MSD did the trick. I used it at 5:1 dilution (higher dilution may have worked too) and sprayed the bike down, then wiped lightly with a CF towel and rinsed it off. Worked perfectly.


----------



## SilverTE90 (Apr 5, 2005)

The previous owner of my car replaced the windshield about 5 years ago. It has terrible stubborn water stains. I've tried Stoners, clay bar, toothpaste ect, Won't touch it.. Guess I'll try the vinegar next..

DL


----------



## Rick D (Jul 15, 2014)

Silver TE90, I have been told ( NEVER TRIED IT) that brass steel wool ( I have no idea where to get it) and some Bon Ami could possibly help you.. Be careful and do a spot at a time...

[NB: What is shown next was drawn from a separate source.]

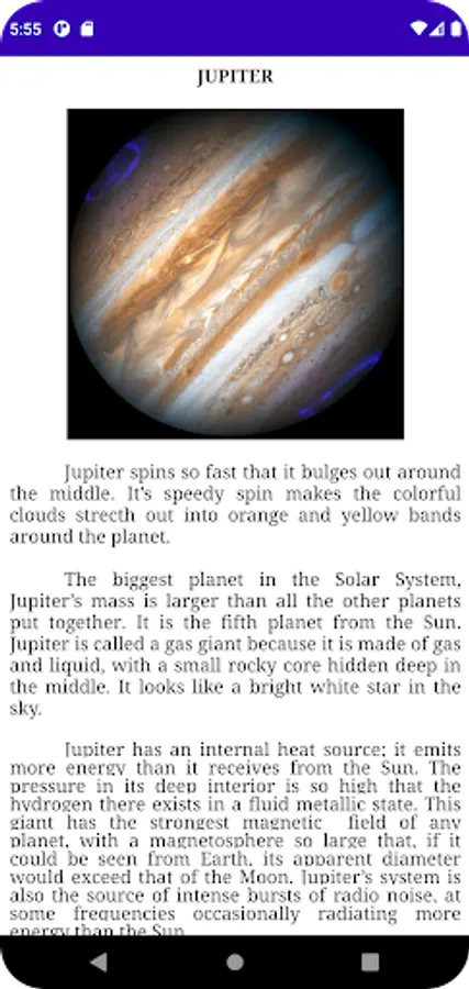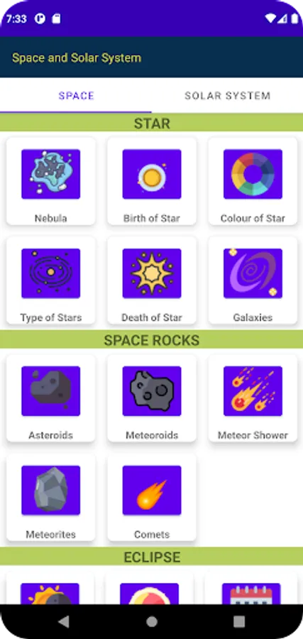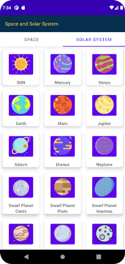 know characteristic of solar system member, including Sun, Mercury, Venus, Mars, Jupiter, Saturn, Uranus, Neptune, Earth Satellite (Moon), dwarf planet : Ceres, Pluto, Haumea, Makemake and Eris, know the rotation planet of solar system member. Know about Stars, Nebula, Birth of stars, Death of stars, Type of Stars, Colour of stars and Galaxies. Know about Asteroids, Meteoroids, Meteor Shower, Meteorites and Comets. Know about Rainbows, Halos, Sundogs, Northern and Southern Lights(Aurora Borealis, Aurora Australis). Know about space exploration : history of space exploration, space suit, space shuttle, space telescope, space station, space probe voyager. Video about comets. Know about Solar Eclipse dan Lunar Eclipse. 3D Model of Solar system member, Galaxy, Space shuttle, Astronout, Voyager, ISS. Photos of Space rocks, Galaxies, Nebulae, Eclipse, Stars and more. Quiz about Space and Solar System

Some water spots actually act like a magnifying glass in the sun and burn into your glass.. So drastic measures have to be taken....


----------



## Revelation19 (Nov 2, 2011)

I've had very good results with Chemical Guys Water Spot Remover. Works great, very strong, wear nitrile gloves and use as directed. I restored the side of my Tundra which had severe water spotting from exposure to sprinklers over a long period of time. Used a couple of sponge applicators for the whole job. Requires some elbow grease, but repeating the process on stubborn stains does the trick.


----------



## Blackjp4dr (Sep 25, 2014)

I had water spots all over my glass to the point I couldn't see at night. Not anymore! 

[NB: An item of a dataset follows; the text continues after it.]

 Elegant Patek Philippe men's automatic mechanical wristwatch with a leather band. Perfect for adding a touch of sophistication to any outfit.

I used 0000 steel wool and whink rust stain remover. (Very little) enough too get glass wet. Followed up with window cleaner. 

In less than 40 minutes all my glass looks showroom ready. Saw a you tube video and thought I would give it a try. 

Cost me $10. Very happy.


----------



## Johnz3mc (Jan 5, 2005)

This 3D Eraser water spot remover is getting good reviews lately. Never used it myself, water is soft here but have a look. 
Price looks reasonable too:

http://www.3dproducts.com/eraser-only/eraser-water-spot-remover-16-oz-gel/


----------



## fondoo1287 (Jul 24, 2014)

I got great results with griots garage glass polish with a DA buffer


----------